Le Loup et l'Agneau Nivet Desbrières (18ème siècle)

Messire Loup à jeun découvrant un Agneau
Qui se désaltérait dans un petit ruisseau,
Y courut et tançant la douce créature,
Est-ce, dit-il, en élevant la voix,
Est-ce, coquin, pour me faire une injure
Que tu prétends ainsi troubler l’eau que je bois !
Seigneur, répond l’Agneau, je vous croyais aux bois,
Et conjure votre excellence
De me pardonner cette offense.
Oh, oh ! reprit le Loup, tu fais le beau parleur !
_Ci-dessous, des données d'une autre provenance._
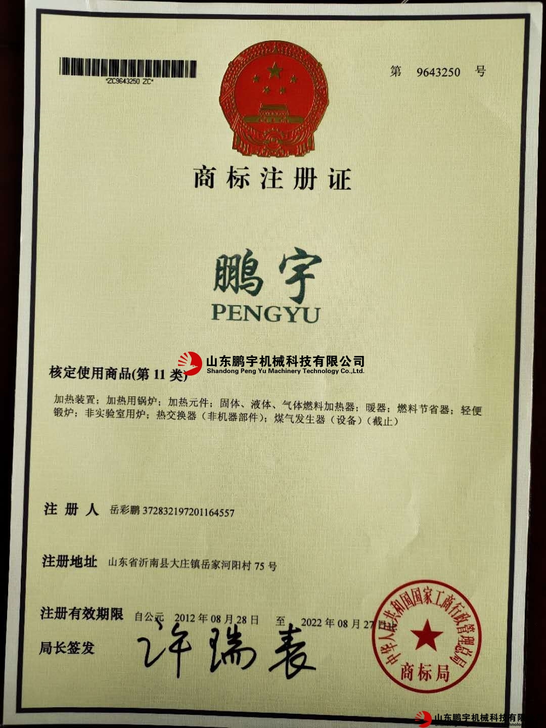 鵬宇鍋爐商標(biāo)注冊(cè)完成

Et je te reconnais pour un petit railleur,
Cela te sied fort mal ; mais, quoi ! n’as-tu pas honte
Des propos que tu tins l’an passé sur mon compte :
Ah ! Seigneur, je n’étais pas né,
Repart l’Agneau, fort étonné,
Et suis bien loin d’avoir cet âge :
C’est être un menteur obstiné
De me tenir pareil langage,
Répliqua sur le champ l’animal plein de rage,
Tu veux m’en imposer et te moques de moi ;
D’ailleurs si ce n’était pas toi,
C’était donc ton insolent frère ?
Je n’en ai point. Eh bien ou ton père ou ta mère,
Et puisqu’enfin ils ne m’épargnent pas,
Il faut qu’en dépit d’eux je fasse un bon repas,
Comme il le fit. —

Souvent une injuste puissance
Opprime ainsi la plus pure innocence.